The curl manual page - use the command man curl to view, and to exit type :q (yes, that's a colon followed by a lower case letter q) - says this about the -L (location) option: "If the server reports that the requested page has moved to a different location..., this option will make curl redo the request on the new place." It is nearly always a good idea to include the -L option with curl, as many web sites for software perform redirects.

The curl command copies the file v1.2.tar.gz from the specified url and saves it in your home directory as the file fdppdiv-1.2.tar.gz. There is nothing wrong with saving the file under the same name, but the original name v1.2.tar.gz doesn't give us any hint about what is included (other than that it is version 1.2), so I thought it best to add the program name to the file name when it was saved.

The extension tar.gz implies that this is a compressed archive that will unpack into a directory containing many files. The abbreviation tar refers to the tar command, which we will use next to unpack the archive. The command name "tar" stands for "tape archive", which belies the age of this program, which was used in the old days to concatenate all files in a directory into a single file that could be saved onto a magnetic tape. The tar command has survived, whereas magnetic tapes have given way to hard drives.
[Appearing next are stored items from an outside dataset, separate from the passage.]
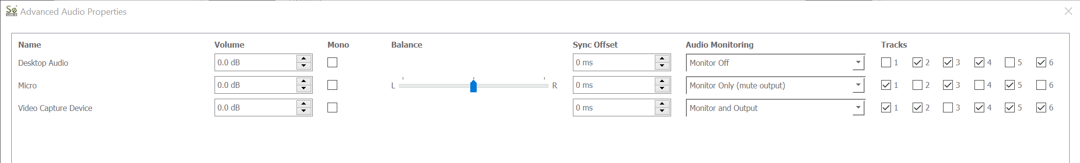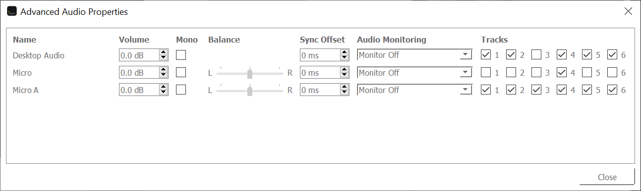 Todos los dispositivos de audio van a la pista 4; Esta pista, al mismo tiempo, también se puede utilizar para transmitir Source-Live . "Desktop Audio" y "Micro A" van en las pistas 1 y 2, sólo "Micro A" va en la pista 3, y así sucesivamente. Si la sesión se grabó en disco, es posible que el talento quiera repasar la pista 3 para buscar sus comentarios específicos; Por lo tanto, Source-Live le permite separar el audio del escritorio del audio del micrófono en caso de que desee revisar el contenido más tarde.
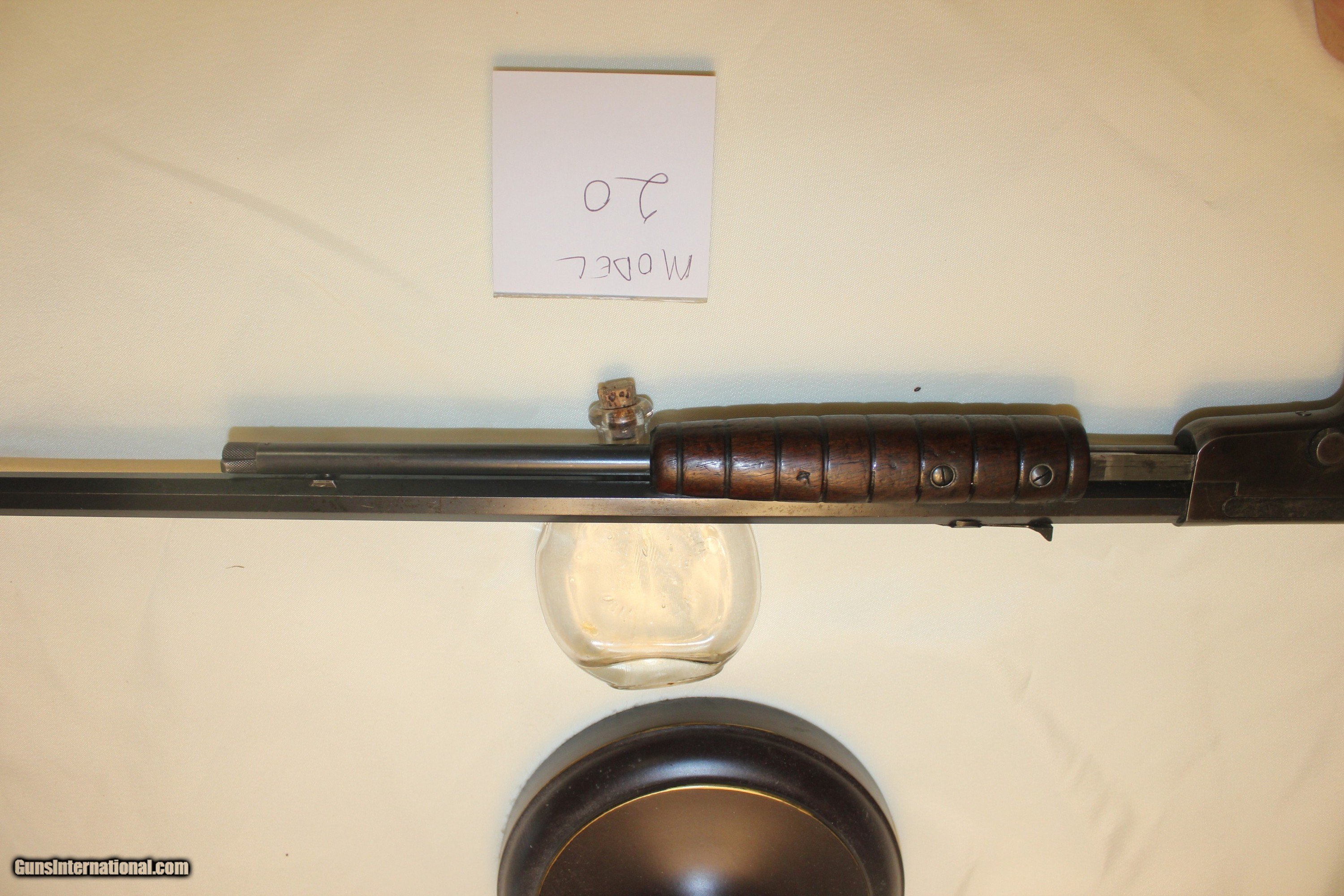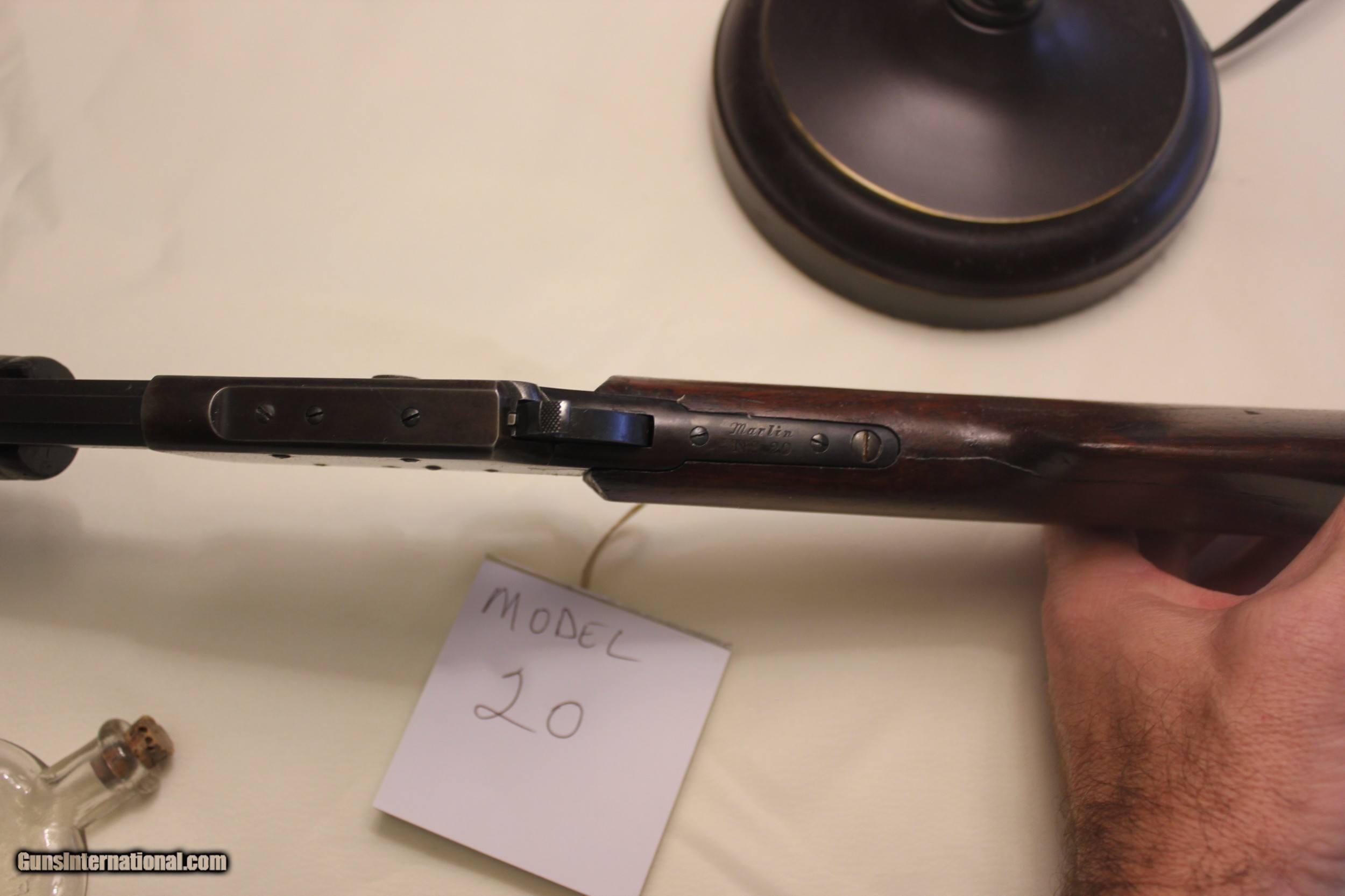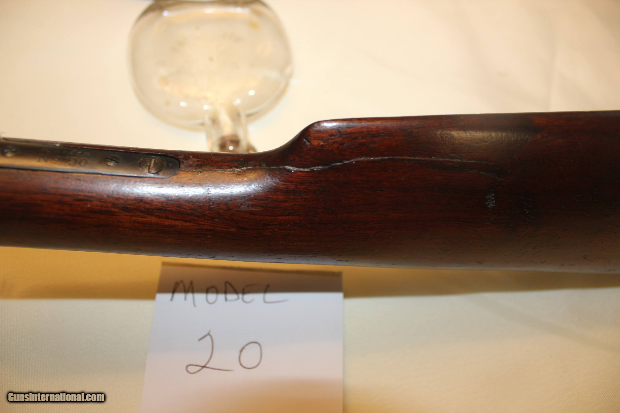 Description: Marlin Model 20 slide action .22. Mfg 1907 - 1911. 23 in. barrel. This gun is functioning properly and an excellent shooter. The bore is in excellent condition. There were a couple cracks in the stock but they have been completely repaired and the stock is tight as a drum. (there's no pin in the stock - and no pin needed) The gun is all original as far as I can tell. There's little to no bluing left on the metal - but overall I would say the metal is in very good condition. This is NOT a gun that was over-shot/abused but any means. These slide actions are getting tough to find and understandably so.....they're very well built and about as much fun to shoot as anything. All fair and reasonable offers considered. C&R eligible. Shipping is $35. SOLD Curio/Relic: Yes Rifle Caliber: .22 Long Manufacturer: Marlin Model: 20 Bore Condition: exc |
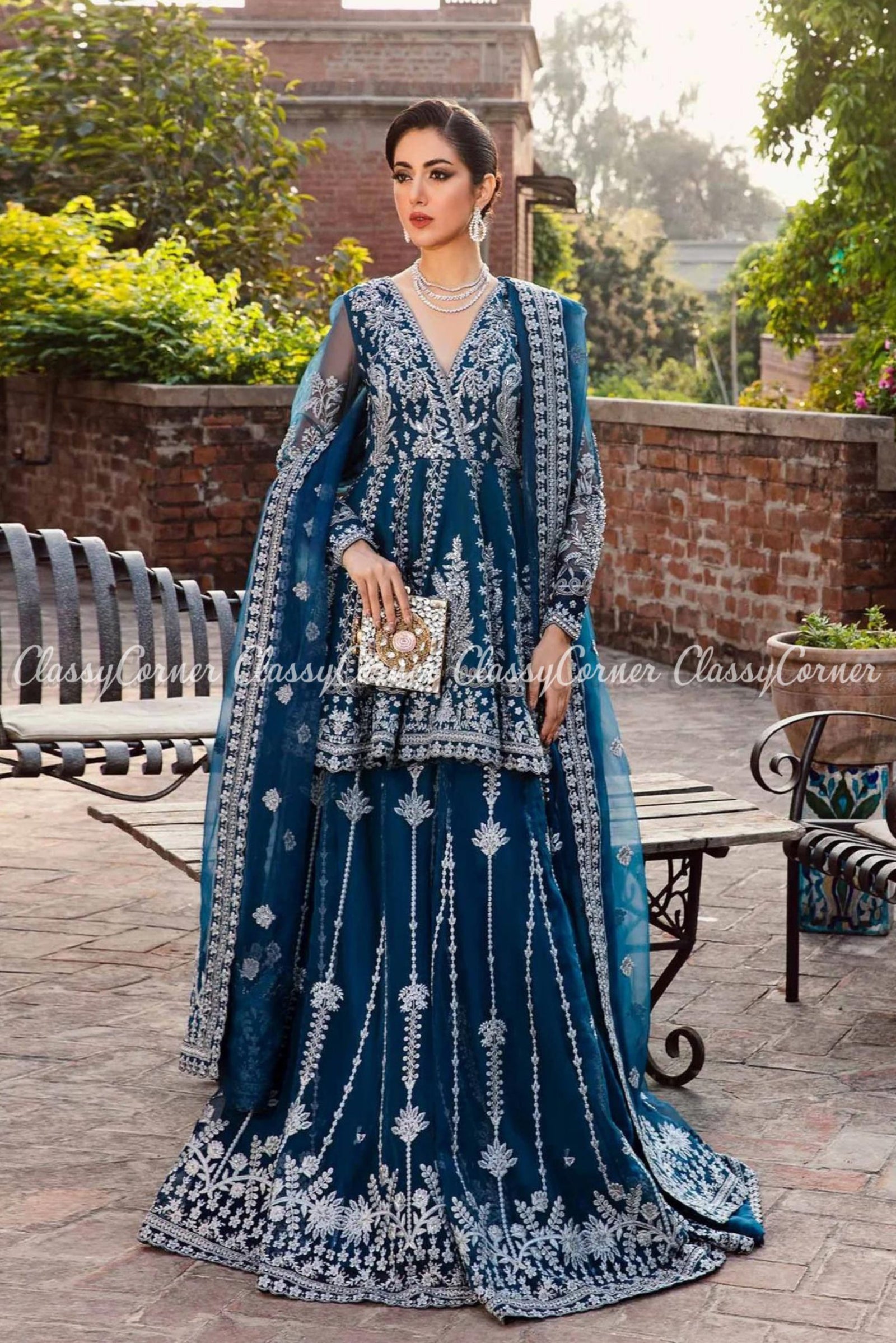 $419.99 AUDNavy Blue Organza Embroidered Party Wear Sharara Dress
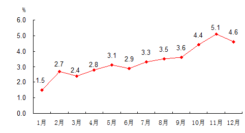 2010年居民消费价格涨跌幅度(月度同比)

The gz part of the extension tar.gz tells you that the file is compressed. The tar command just concatenates files, whereas the gzip program compresses a file, adding the suffix gz to the name.

You could uncompress the fdppdiv-1.2.tar.gz to create the (larger) file fdppdiv-1.2.tar (often called a "tarball"), and then in a second operation you could use the tar command to "untar" the tarball. We will instead use tar to both uncompress and untar the file as follows:

tar zxvf fdppdiv-1.2.tar.gz

The option "z" tells tar to uncompress the file, the option "x" tells tar to extract (untar) the resulting tar archive, the option "v" tells tar to be verbose and tell us what is going on (i.e. list each file name as it is extracted), and the option "f" says that the file name to extract is coming next on the command line. You should be sure "f" is the last option given to tar before the file name for obvious reasons. If you just had an uncompressed tarball to extract, you could (and should) leave off the "z" switch.

After executing the tar command, you should find that you have a new directory in your home directory named FDPPDIV-1.2.

cd into that directory and you will find two subdirectories (example and src) as well as a README file.

cat the README file: it gives some literature citations and some web sites you might be interested in visiting.

Now cd into the src directory to prepare for the next step.

Compile FDPPDiv

What you've downloaded is not the FDPPDiv program, but the C++ source code that can be used to create the FDPPDiv program. Computer software comes in many shapes and sizes. In scripting languages like Python and R, the source code is the program. You pass these "scripts" to the Python or R interpreter and they translate them on the fly into binary machine code that the computer understands (1s and 0s). Languages like Java are intermediate: Java source code gets compiled into something like machine code (called bytecode) that can be quickly converted into machine code on whatever operating system it is run under. Finally, there are the compiled languages (Fortran, C, C++, Pascal, etc.). Programs written in these languages must be converted completely (compiled) to machine code before they can be executed. The benefit of compiled languages is that they produce the fastest-running programs. The downside is that they are less convenient: any change made to the source code requires recompilation and the result will run on only one platform (i.e. Windows, Mac, Linux). Because of the operating system specificity, authors of programs that must be compiled often just distribute the source code and let users compile it on whatever system they wish to run it on. That is the case with FDPPDiv.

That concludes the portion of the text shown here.